(Work to be completed): Please retype exactly the lines from the one containing "また、設定によってはサムネイ" through the end of the records, leaving out the pictures.
Supplied records Start Marker
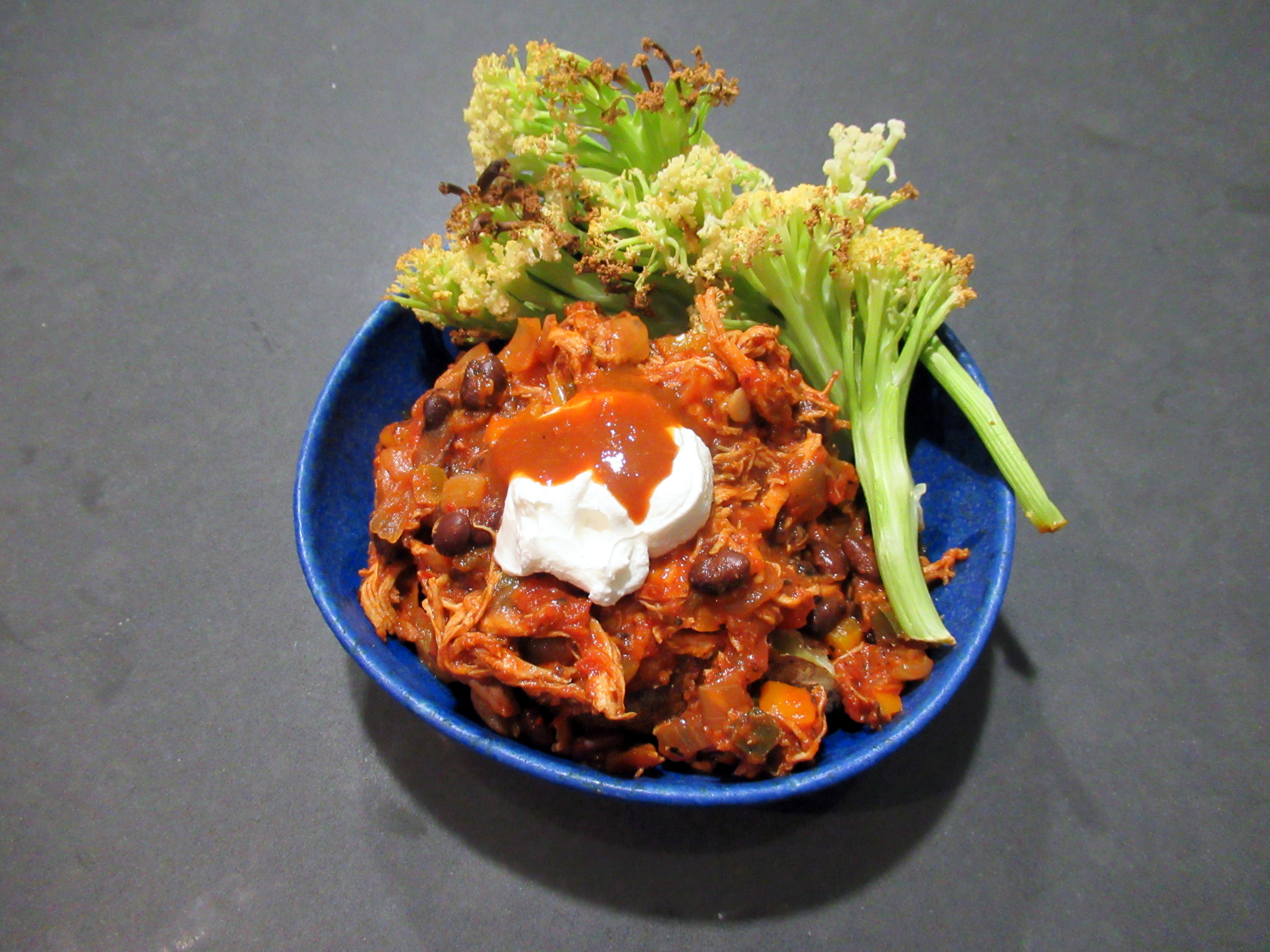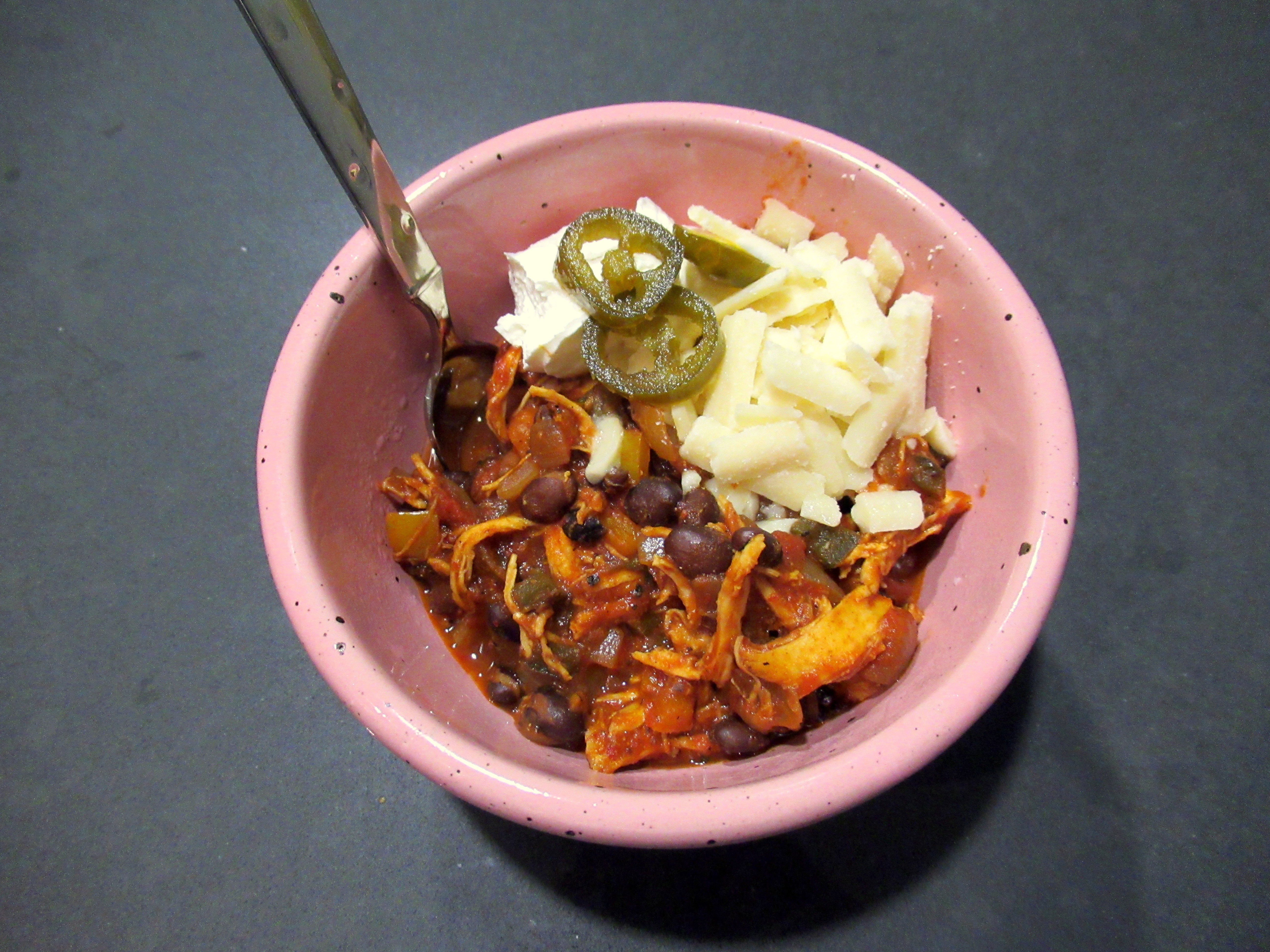 We made a batch of simple but tasty chili with black beans and shredded chicken. Topped with sour cream, TJ’s sweet and spicy jalapenos, and sharp cheddar.
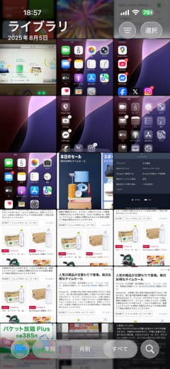 また、設定によってはサムネイルをタップしないでも「フルスクリーンプレビュー」が表示される。
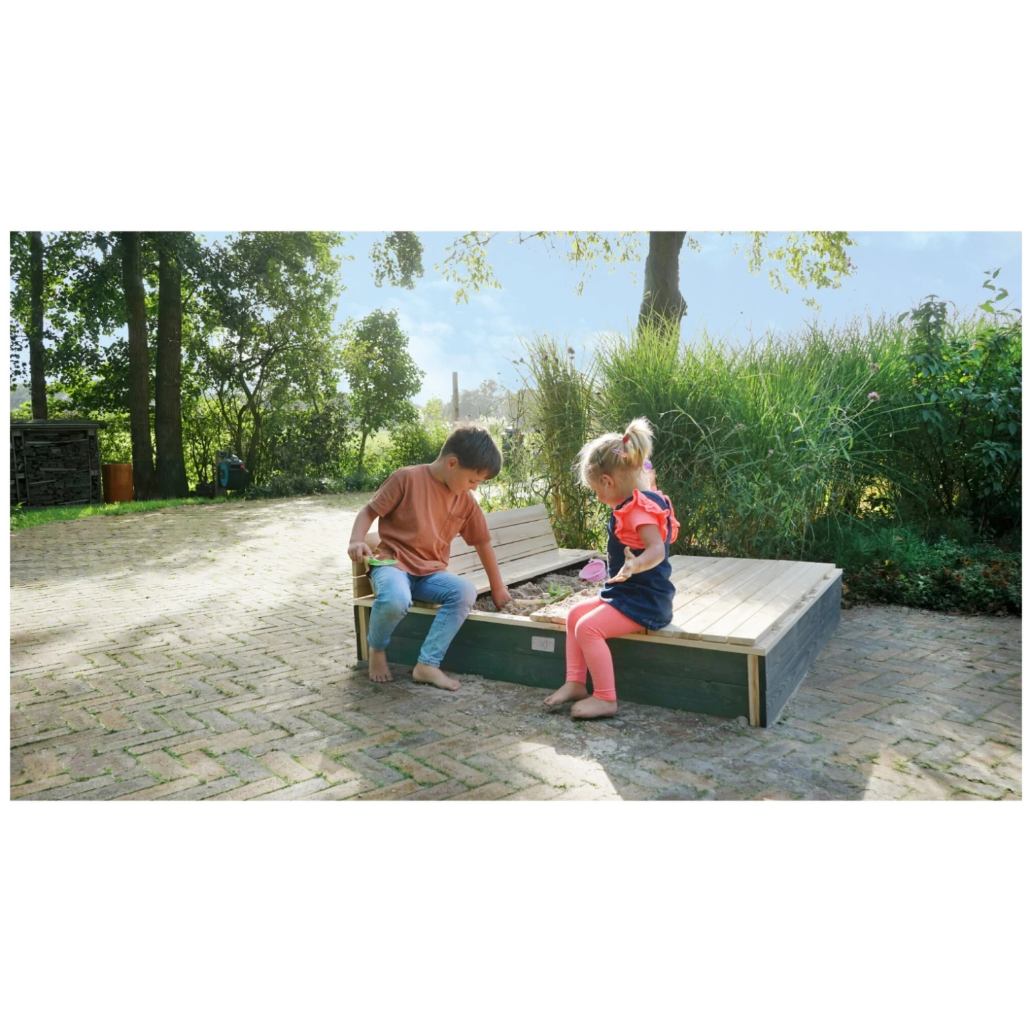 In de EXIT Aksent zandbak met bankjes kunnen kinderen de mooiste zandkastelen en zandtaartjes maken. Deze grote zandbak heeft twee stevige zitbankjes met rugleuning. En ben je klaar met spelen? Dan kun je de zitbankjes gebruiken om de zandbak volledig af te sluiten, zodat het zand in weer en wind schoon en in de zandbak blijft.
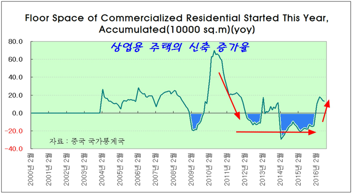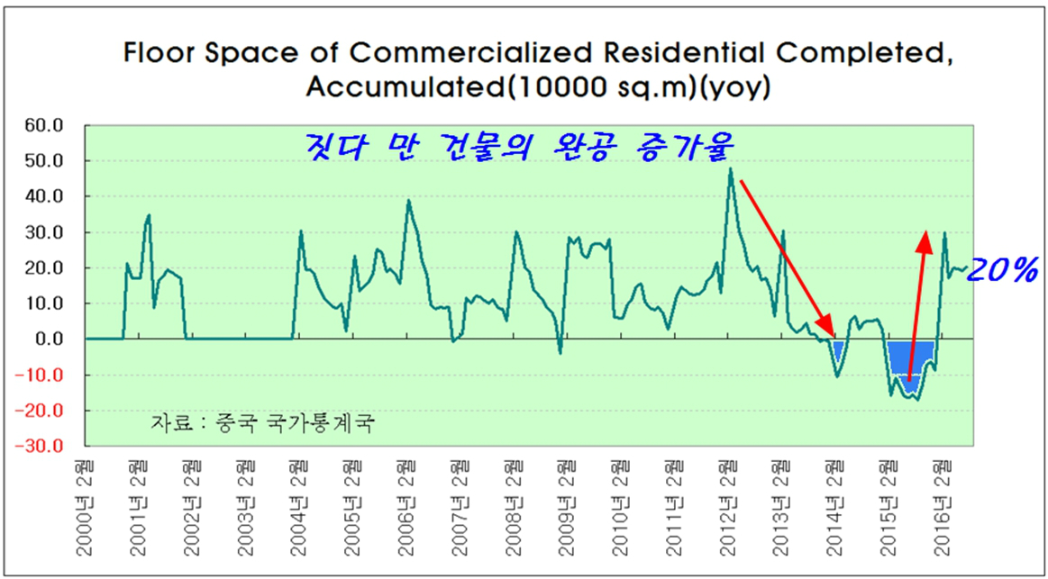 따라서 그간 공사중인 전체 건축물이 계속 감소 추세를 보이다가 최근 상승으로 돌아서고 있다. 이 건축 중인 공사면적의 합계가 중국의 제조업과 경제성장에 직접적인 영향을 미치므로 이 공사물량의 감소와 함께 둔화되던 중국의 경기가 이제 다시 성장으로 움직이게 된다.
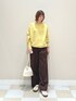 ほどよいゆるさで着やすいカラーニットプルオーバーとゆったり履きやすいパンツでシンプルなカジュアルコーデに!
Supplied records End Marker
(Task response):
 また、設定によってはサムネイルをタップしないでも「フルスクリーンプレビュー」が表示される。
 In de EXIT Aksent zandbak met bankjes kunnen kinderen de mooiste zandkastelen en zandtaartjes maken. Deze grote zandbak heeft twee stevige zitbankjes met rugleuning. En ben je klaar met spelen? Dan kun je de zitbankjes gebruiken om de zandbak volledig af te sluiten, zodat het zand in weer en wind schoon en in de zandbak blijft.
 따라서 그간 공사중인 전체 건축물이 계속 감소 추세를 보이다가 최근 상승으로 돌아서고 있다. 이 건축 중인 공사면적의 합계가 중국의 제조업과 경제성장에 직접적인 영향을 미치므로 이 공사물량의 감소와 함께 둔화되던 중국의 경기가 이제 다시 성장으로 움직이게 된다.
 ほどよいゆるさで着やすいカラーニットプルオーバーとゆったり履きやすいパンツでシンプルなカジュアルコーデに!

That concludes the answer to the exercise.